Aim of the task: Of the lines below, write out exactly those from the line with "Unlike conventional paint" through the line with "南区の男性平均寿命は80歳、", both included, and skip the rest.

Data for processing:
----
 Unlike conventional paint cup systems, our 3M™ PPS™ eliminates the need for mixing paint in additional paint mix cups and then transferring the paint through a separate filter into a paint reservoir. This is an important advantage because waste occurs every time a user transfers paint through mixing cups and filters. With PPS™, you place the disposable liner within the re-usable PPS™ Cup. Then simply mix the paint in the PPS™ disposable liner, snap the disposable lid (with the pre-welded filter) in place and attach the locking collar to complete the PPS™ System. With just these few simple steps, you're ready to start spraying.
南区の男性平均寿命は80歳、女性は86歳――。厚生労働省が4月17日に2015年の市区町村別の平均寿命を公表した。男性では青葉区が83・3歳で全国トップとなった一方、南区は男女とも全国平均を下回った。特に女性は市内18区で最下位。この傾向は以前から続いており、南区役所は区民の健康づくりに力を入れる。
----
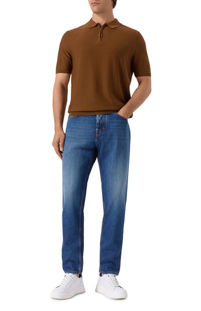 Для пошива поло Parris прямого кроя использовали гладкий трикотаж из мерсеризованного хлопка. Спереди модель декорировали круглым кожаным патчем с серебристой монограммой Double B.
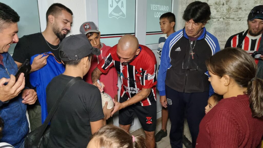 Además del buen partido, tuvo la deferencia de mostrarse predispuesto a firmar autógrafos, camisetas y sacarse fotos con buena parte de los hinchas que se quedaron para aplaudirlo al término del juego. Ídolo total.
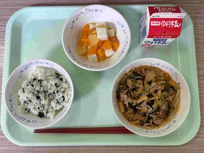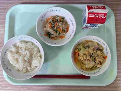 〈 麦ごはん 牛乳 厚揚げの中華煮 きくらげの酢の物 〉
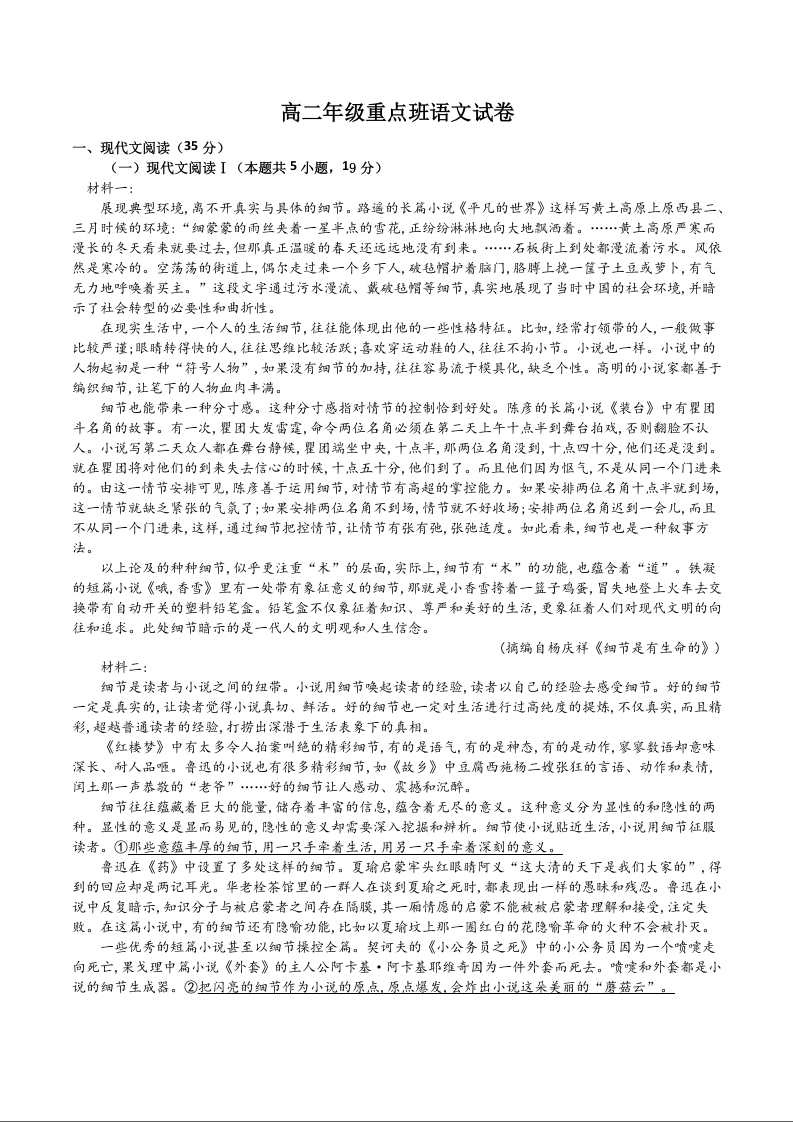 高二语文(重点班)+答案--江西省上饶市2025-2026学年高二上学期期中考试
----
Answer section:
 Unlike conventional paint cup systems, our 3M™ PPS™ eliminates the need for mixing paint in additional paint mix cups and then transferring the paint through a separate filter into a paint reservoir. This is an important advantage because waste occurs every time a user transfers paint through mixing cups and filters. With PPS™, you place the disposable liner within the re-usable PPS™ Cup. Then simply mix the paint in the PPS™ disposable liner, snap the disposable lid (with the pre-welded filter) in place and attach the locking collar to complete the PPS™ System. With just these few simple steps, you're ready to start spraying.
南区の男性平均寿命は80歳、女性は86歳――。厚生労働省が4月17日に2015年の市区町村別の平均寿命を公表した。男性では青葉区が83・3歳で全国トップとなった一方、南区は男女とも全国平均を下回った。特に女性は市内18区で最下位。この傾向は以前から続いており、南区役所は区民の健康づくりに力を入れる。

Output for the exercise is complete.